Decent premise, decent effects, unacceptable screenwriting
16 February 2020
Warning: Spoilers
The premise of this movie certainly seems intriguing, though the end result is less Twilight Zone than straight-up formula thriller.

Here's the problem: the filmmakers introduce us to a premise where the protagonist (we are assuming he's the protagonist, at least) seems to be suffering from living multiple lives, a new one each day, that he's starting to vaguely remember, with attendant horrifying imagery as each "life" ends. Fair enough. Intriguing. But as the reveal starts to unfold and we learn the nature of the protagonist and what he's supposed to be doing, the script seems to abandon any pretense at coherent world-building. To wit:

1) WHAT are the harvesters doing this to him, and what informs their choices of "lives"? That's never explained in any way that makes much sense. This is a very specific way of treating their wayward son, and the rationale behind it needs to be equally specific. It doesn't appear to be geared simply to punish -- they're trying to bring him back, which doesn't seem to follow logically from whatever pattern or plan they're using.
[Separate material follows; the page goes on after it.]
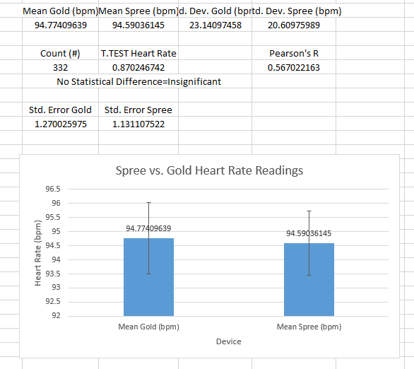 ResultsOur team used the T-Test to investigate the differences between the two groups; temperature and heart rate. The mean of the temperature for all 390 data was 1.5 degrees higher for the Spree than for the thermometer. The standard deviation for the thermometer was 2.3 higher than the Spree. The standard error for the thermometer was 0.115 higher than the Spree. The temperature T-Test was a number way smaller than the 0.05 p-value we use to compare the two. The Pearson's R for temperature was a -0.053. The mean of the heart rate for all 332 data was only 0.18 beats per minute (bpm) higher in the pulse oximeter than in the Spree. The standard deviation of the pulse oximeter was about 2.5 bpm higher than in the Spree device. The standard error for the pulse oximeter was 0.14 higher than the Spree. The heart rate T-Test was slightly bigger than the 0.05 p-value. The Pearson's R for hear rate was 0.57.

The only ones that seemed to have any significance was the heroin addict life (the Exposition Man draws the connection to the addiction to pain and death) and the hospital one (they're torturing him and confining him.) And what exactly do they think it is about their process of torturing, terrifying, and murdering him regularly that will convince him they're his buddies and belongs with them?

2) HOW are they doing it? They're remaking the world. That's not a minor thing. It's clearly not just him because other unrelated people get involved, and, just as tellingly, they're apparently altering Jenny without realizing her importance until late in the movie. And how are they able to so thoroughly control and manipulate the guy, including wiping his memory?

3) WHY does the ability to "feed" on love (cheesy, but I'll give it a pass, even though the basic idea is a rather creepy metaphor for relationships) make our protagonist so powerful, and why does it allow him to straight-up murder other harvesters with minimal effort? Why can't they kill each other, since they can clearly affect each other quite thoroughly.

4) What's the deal with giving new life? Because he can "harvest" love, he has magical healing abilities? He can inseminate a nice young lady like Jenny? He can now create new realities/lives? and why couldn't he do it before, since the others clearly could?

And so on. It's jut really lazy writing, creating a premise and hoping nobody looks too closely at it and starts asking questions about the execution.

But the effects weren't too bad, mostly. The shiny pleather guys were laughable though.